Dermatologic side effects associated with gefitinib therapy: clinical experience and management

Clin Lung Cancer. 2003 May;4(6):366-9. doi: 10.3816/clc.2003.n.016.

Abstract

Gefitinib (ZD1839, Iressa ), a selective inhibitor of the epidermal growth factor receptor-tyrosine kinase, is currently in clinical trials to treat a variety of solid tumors.
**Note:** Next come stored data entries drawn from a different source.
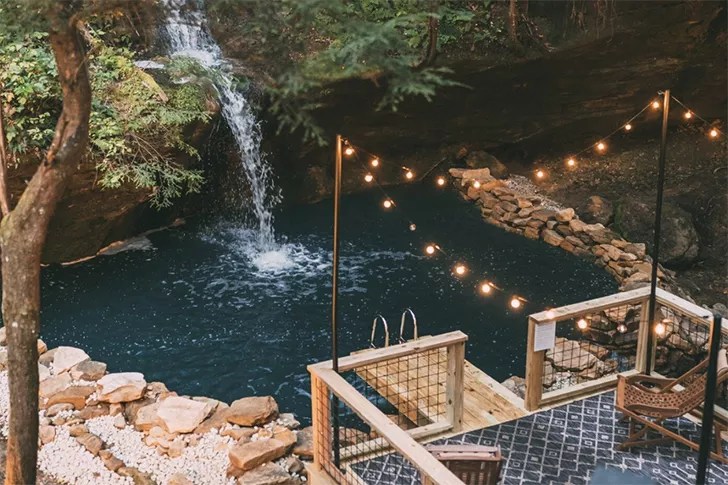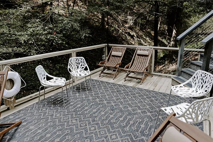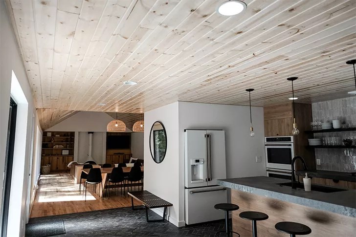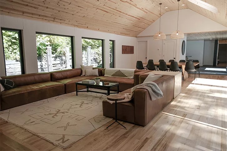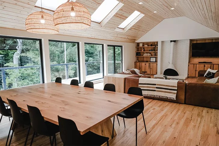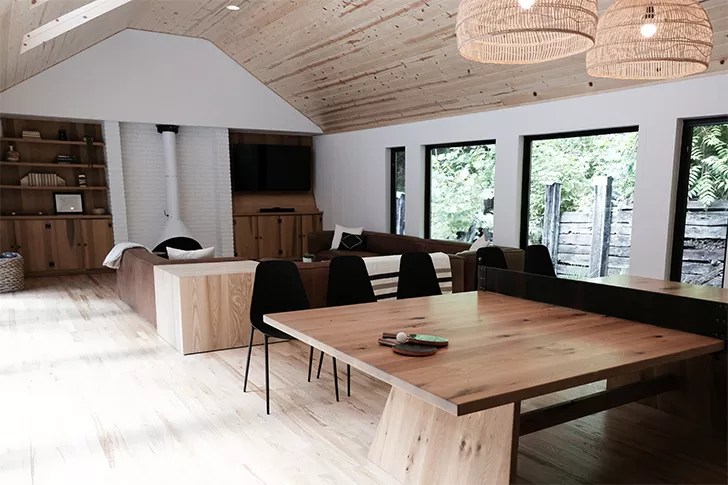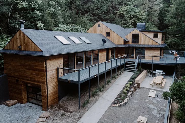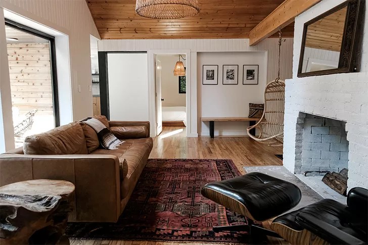 The stunning renovation was the brainchild of husband-and-wife duo Kimball and Christine, who purchased the property in December of 2019 in hopes of creating “a peaceful retreat where you can literally leave your worries at the doorstep,” according to an Instagram post. “The real art is found in the creation that surrounds the home. Its uniqueness and beauty took our breath away when we stumbled onto this property for the first time. Our goal was to take an old lodge that needed a lot of love and create something that [complements] the incredible surroundings. Through that process, our family has come to love this place and create countless special memories on its grounds. Our sincere desire is that you and your loved ones can do the same,” their website reads.
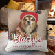 Premier Noël Chiot Photo White Stars Coussin. Un nom de chien personnalisé dans un script branché et des étoiles blanches superposent la photo. Personnalisez le coussin avec la photo, le nom et l'année de naissance de votre chien - insérez votre photo de chiot préférée. Vous pouvez utiliser ce coussin personnalisé pour n'importe quel animal de compagnie. Une belle tenue de vacances pour un propriétaire de chien.
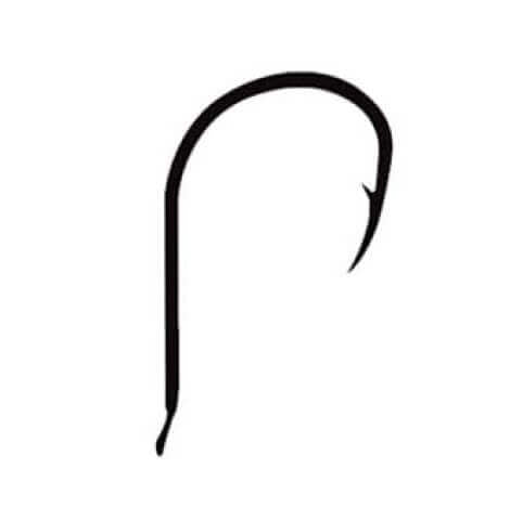 Haken der Marke Asari Modell Chinu Laser Modell Kohlenstoff in Farbe Schwarzer Nickel unter kurze Größe. Es ist ein geschmiedeter gedrehter Haken und hat einen Papageienschnabel.
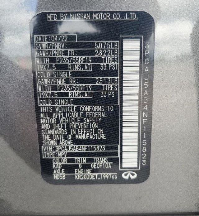 The clean condition and extremely low mileage make VIN 3PCAJ5AB4NF115823 an outstanding value in the luxury compact SUV segment.
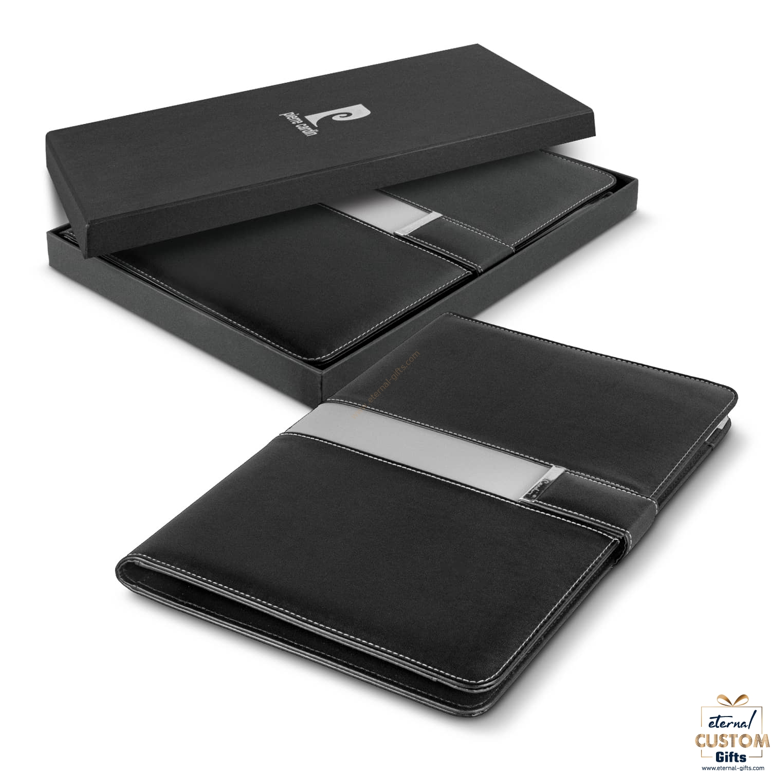 Classically designed portfolio from Pierre Cardin which is hand crafted from the highest quality leather-look PU. It has a smart magnetic closure and a Pierre Cardin note pad with 30 leaves of 80gsm lined cream paper. Valence has a large slip pocket which will hold a tablet and a smaller zippered pocket. Other features include a card holder with a window, a phone pocket, four card pockets and an elastic pen loop. The Pierre Cardin logo is tastefully engraved on the magnetic closure and debossed on both the phone holder and the back of the portfolio. Valence is beautifully presented in a premium Pierre Cardin gift box.
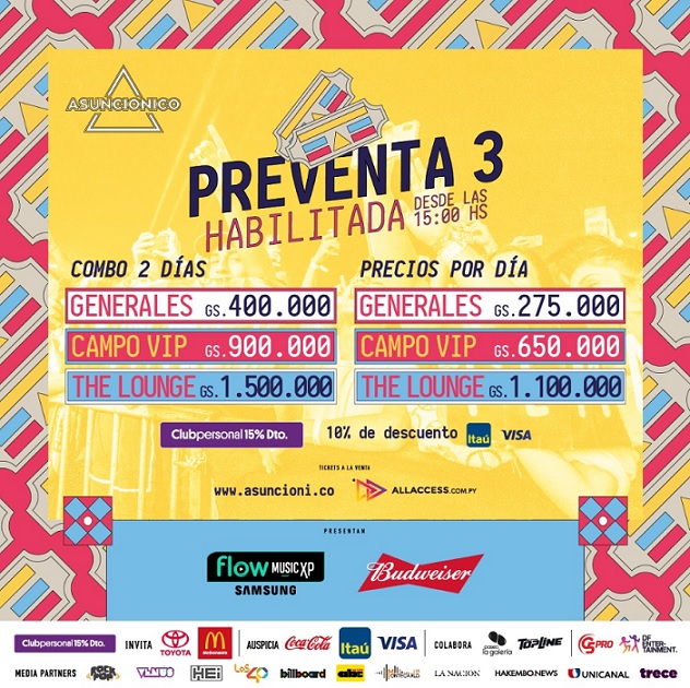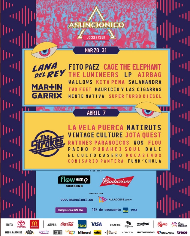 Ambos días del festival se desarrollarán en el Jockey Club del Paraguay. Las entradas están en venta en la plataforma digital del Asuncionico.
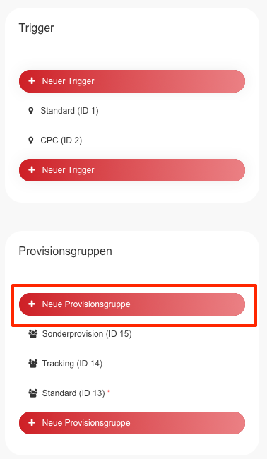 Am linken Rand werden alle Trigger und bereits erstellten Provisionsgruppen angezeigt.
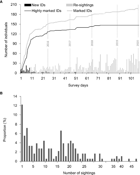 2015-2019年間,中科院深海所研究團(tuán)隊(duì)和汕頭大學(xué)研究團(tuán)隊(duì)共開展了112天實(shí)地調(diào)查,成功識(shí)別出了198頭海豚個(gè)體,包括147頭高辨識(shí)度個(gè)體(D≥3)。在合并數(shù)據(jù)集中,累積識(shí)別曲線在2017年年初達(dá)到平臺(tái)期,即已實(shí)現(xiàn)種群全覆蓋;其中123頭個(gè)體(83.7%)目擊次數(shù)超過(guò)5次,是該種群迄今為止質(zhì)量最高的個(gè)體識(shí)別數(shù)據(jù)庫(kù)。
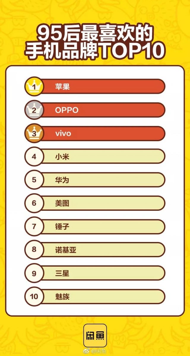 而在交易量方面, 蘋果、華為和小米分列前三名,令人驚訝的是諾基亞,排名第四名。閑魚的主力消費群體為 90 后, iPhone,vivo,OPPO 三大品牌最受 90 后歡迎。
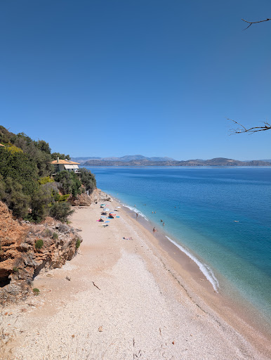 Definitely the best and most beautiful beach of northern east Peloponnes, quickly to reach from Nafplio by car. Not too many shadow places, no umbrellas, no shower, no beach service or bar, just little stones and crystal clear turquoise water. The water is usually very calm in the morning, larger waves in the afternoon. The access happens through a not too stable looking...
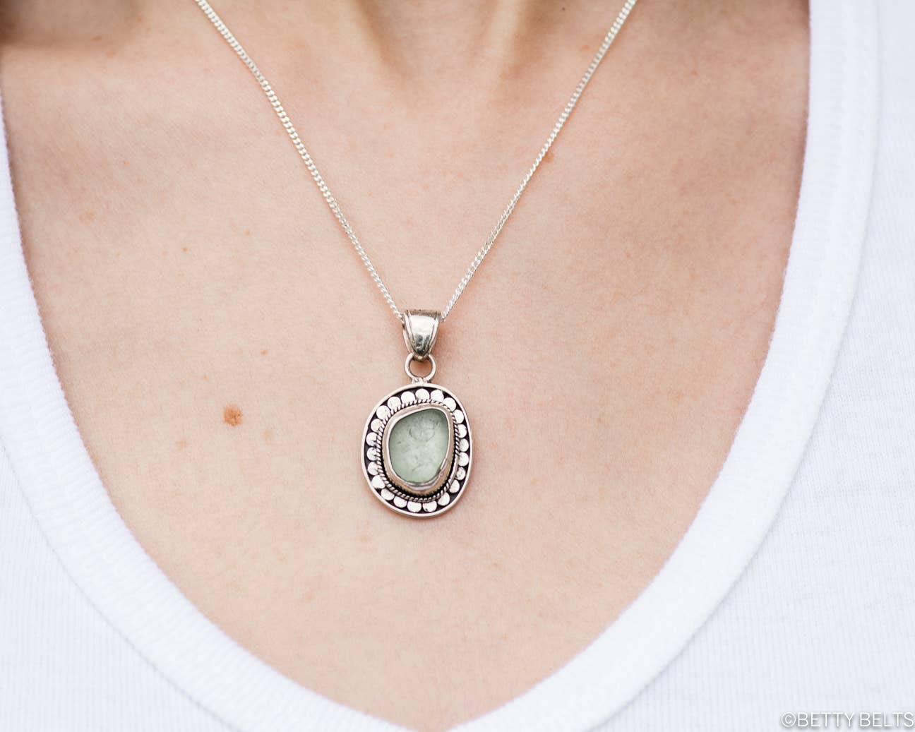Inspireret af surferpigen Cayden Edman fra Team Betty er Cayden designet til friåndede havfruer med en vild sjæl, der svømmer eller surfer i havene med eventyrlyst i hjertet. De håndmalede stammemønstre med prikker er en traditionel balinesisk udsmykning, specialiseret af et ægtepar blandt vores smede. Dimensioner: 1,3 - 1,9 cm i højden inklusive ramme (størrelse mellem en dime og en nickel). Egenskaber: - Originalt Betty B.-design - Garanteret ægte havglas - Kvalitetsgaranti - Nikkel-fri .925 massiv sterlingsølv - Håndlavet med kærlighed i Bali Bemærk: Din ordre vil ikke være det præcise produkt på billedet. Glasformen og farverne kan variere, men vi lover at sende dig den smukkeste, vi har på lager.
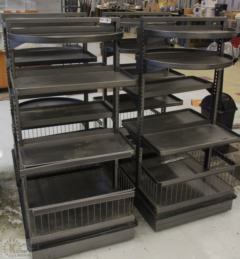 LOT OF 4 DISPLAY SHELVES ON CASTORS
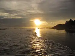Along the Indian Ocean coast, there are various beaches. The most well-known beach town in the region is Pangandaran, with a nature park with a beautiful white sand beach with monkeys, many accommodations, and a busy fish market. About 40 km from Pangandaran is the smaller village of Batu Karas, that is mainly known for its beginner surf break. Between Pangandaran and Batu Karas there is the 'green canyon', a beautiful river among jungle and rocks. Also along the remainder of the coast there are beaches, but these are less touristic.
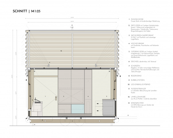 Die Besonderheit des Kiosks ist seine Mobilität. Mit gesenkter Haube, hochgeklappten Schürzen und montierter Deichsel, ist er Anhänger mit TÜV. Hier liegt die Besonderheit: Er muss dem Baurecht und der Straßenverkehrszulassungsordnung (StVZO) entsprechen. Baurechtlich muss er genehmigungsfrei sein, damit eine Standgenehmigung genügt. Somit muss alles auf 10m2 Grundfläche und nach StVZO max. 2,55m Breite untergebracht werden. Um die baurechtliche Höhe von 5m auszureizen und nach StVZO unter 4m zu bleiben, muss die Haube absenkbar sein. Solche Anhänger wurden bisher nur von zwei Unternehmen in Deutschland gebaut. Und nicht zuletzt sollte er einfach mit PKW transportiert werden können, wodurch 3,5t nicht überschritten werden dürfen, die er knapp ausreizt.
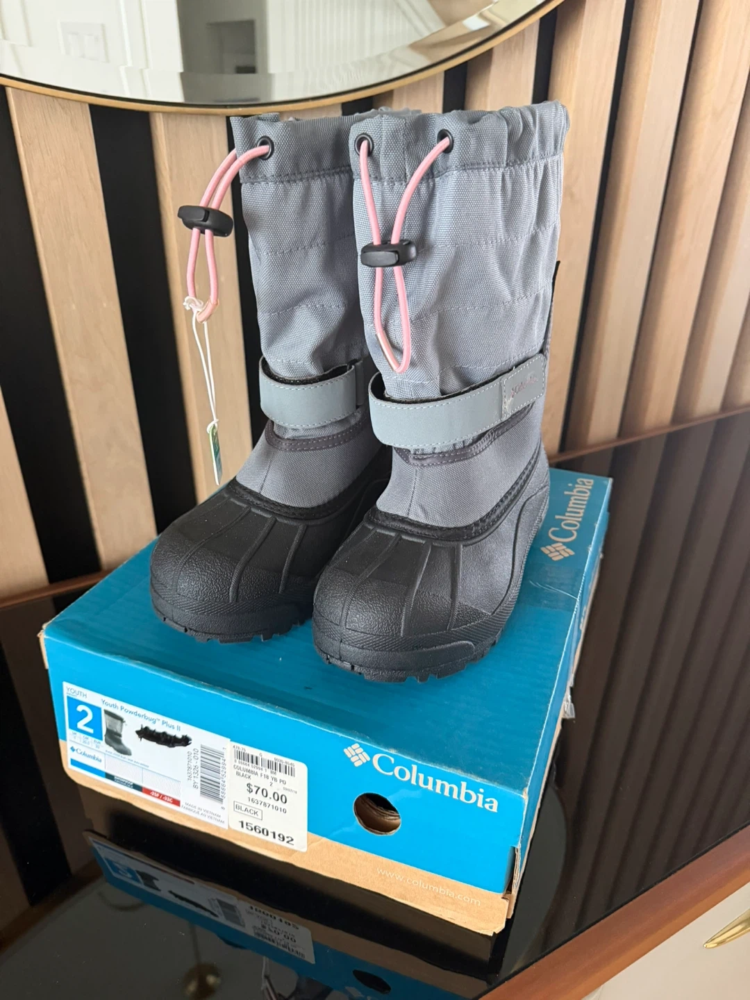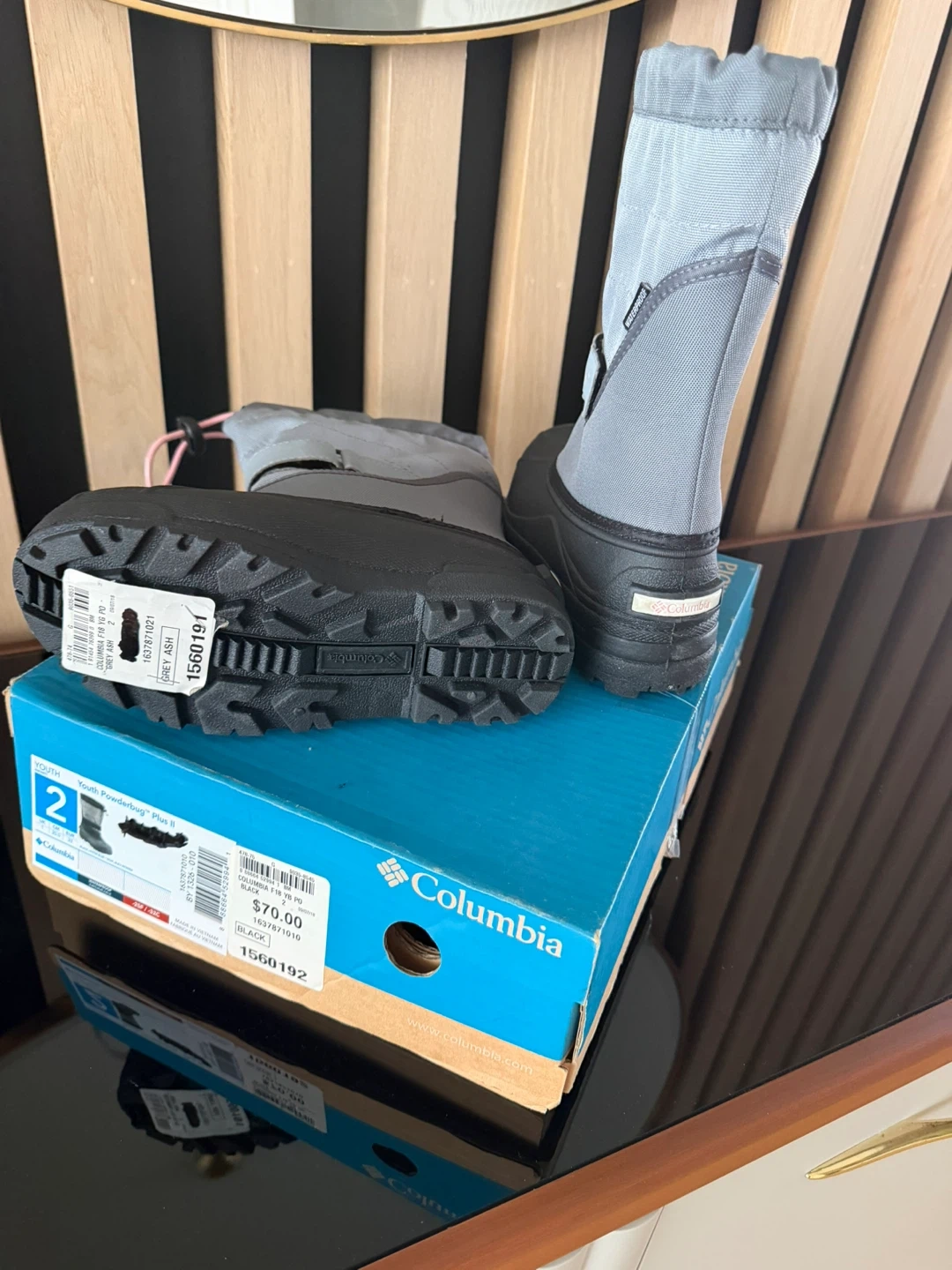 These Columbia Youth Powderbug Plus II snow boots are in excellent condition and ready for some winter fun! They come in a stylish grey ash and black colour, and are a size 2. The original box is included! Retail price is $84.

Similar side effects were seen in numerous clinical trials of gefitinib, including recent phase II trials (Iressa Dose Evaluation in Advanced Lung Cancer [IDEAL]-1 and IDEAL-2) in patients with advanced, previously treated non-small-cell lung cancer (NSCLC). The most frequent drug-related adverse effects reported in these trials were diarrhea, dry skin, acneiform rash, and nausea and vomiting. Recently, IDEAL-2 investigators and oncology nurses participated in a panel discussion on the management of dermatologic adverse effects associated with gefitinib treatment. These dermatologic effects were related to the mechanism of action of gefitinib and were not caused by a drug-related allergic reaction. In IDEAL-2, investigators managed the symptoms of dry skin and rash with a variety of treatments, including topical clindamycin, antibiotics, and corticosteroids. Most patients had a high level of tolerance for the dermatologic effects associated with gefitinib, which were milder than toxicities associated with chemotherapy. The severity of skin effects cycled over time during treatment but typically subsided after several weeks of gefitinib treatment. In general, dermatologic effects of gefitinib were easily managed, reversible, and well tolerated by these patients with advanced NSCLC.